You’ll notice I don’t have “Who I’m Not Voting For in 2008” listed as a category for this post. I can’t imagine a realistic scenario that will stop me from voting for him in the Republican primary. Why is that? Well, he supports real border security, the abolition of the IRS, and an immediate end to the “War on Drugs,” for starters. Sounds good to me. (Nobody who doesn’t say, loudly and unambiguously, that the federal government is too big will ever have my vote again, I don’t think.) You can check out his positions on the major issues here.

Of course, it’s more likely that the sun will rise in the southwest tomorrow than it is for Alabama to be anything other than oxblood red in the 2008 presidential election, so all of my principled voting consideration is essentially meaningless. This is die-hard “anybody but Hillary” territory.

Seen any of the Democrat debates? She’s the only one up there who isn’t a goofball, as far as presentation and oration go. Obama has moments and even gets in a groove occasionally, which abruptly and consistently terminates when he says or does something so unflatteringly youthful that he might as well be chewing bubble gum, working a yo-yo, and wearing a ball cap.

I think her nomination is rapidly closing on inevitable, and my state would try to vote a can of cling peaches in before Mrs. Clinton.

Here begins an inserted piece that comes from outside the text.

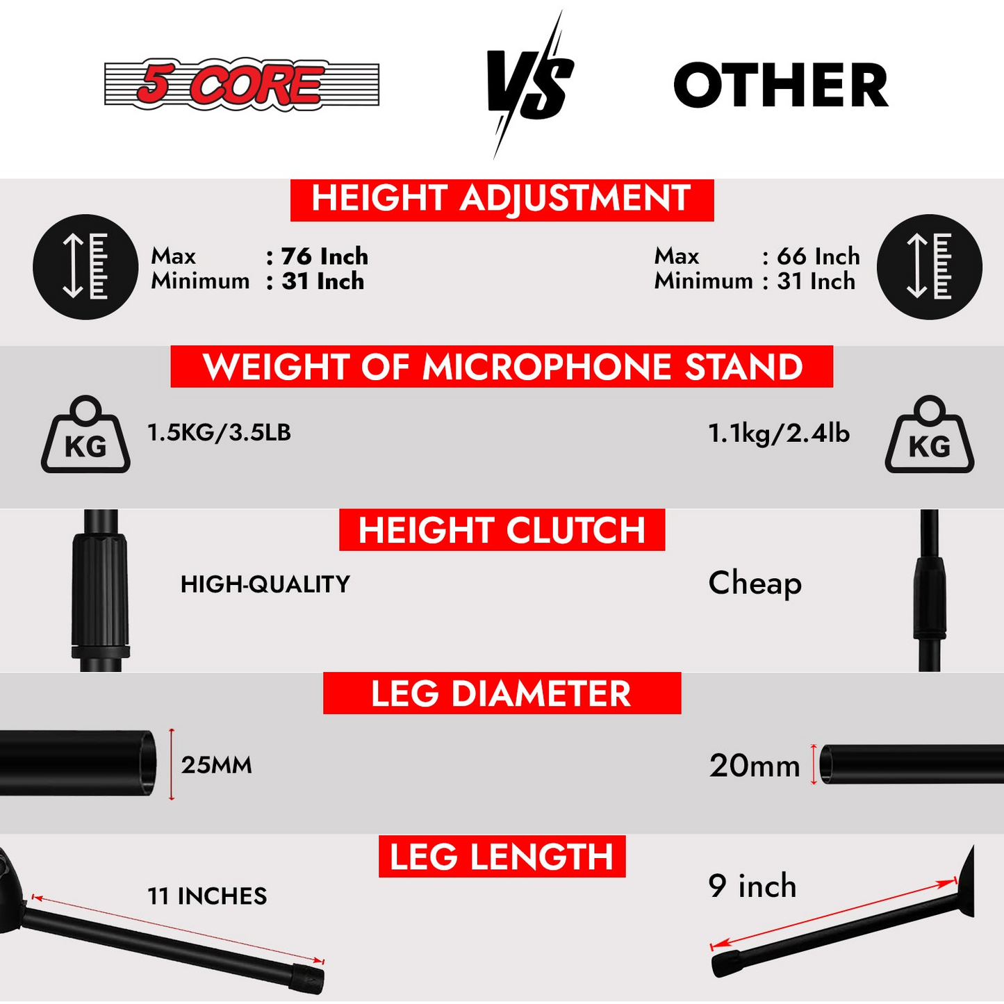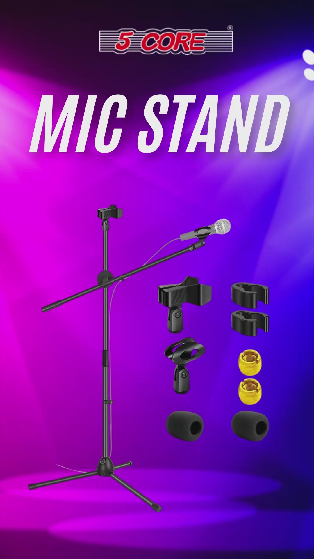 The 5 Core mic stand has adjustable height. The minimum height is 31 inches, and the maximum height is 76 inches. The 30 inch boom arm rotates 360 degrees for easy positioning, it can be lowered to 2 inches. The tripod leg design features sturdy metal legs with rubber caps, making it stable even on uneven surfaces. The heavy duty mike stand has a strong metal build quality and reinforced clutch, holding up to 3.5 lbs. This floor mic stand comes with 2 mic holders and 3/8" to 5/8" screw adapters, fitting most mics and accessories. Portable soporte de micrófono, collapsible design, and can be assembled in minutes. Perfect for anyone who needs a reliable, versatile mic stand. |

I still feel the same way I felt a year ago about this race. It’s never mattered less in the grand scheme who I vote for, and I’ve never looked more forward to the spectacle of the whole thing. This is going to be the “funnest” presidential race of my lifetime.

Bringing it back around, and reiterating a point Seavey makes in the above column: I think Ron Paul would look fantastic against any of the likely Democrat nominees, Hillary included. I’d love to see it, but I don’t have much hope of it. The irony Seavey points out is that his own party is going to do him in, not the Democrats.

Thanks to ronpaul2008.com for the image.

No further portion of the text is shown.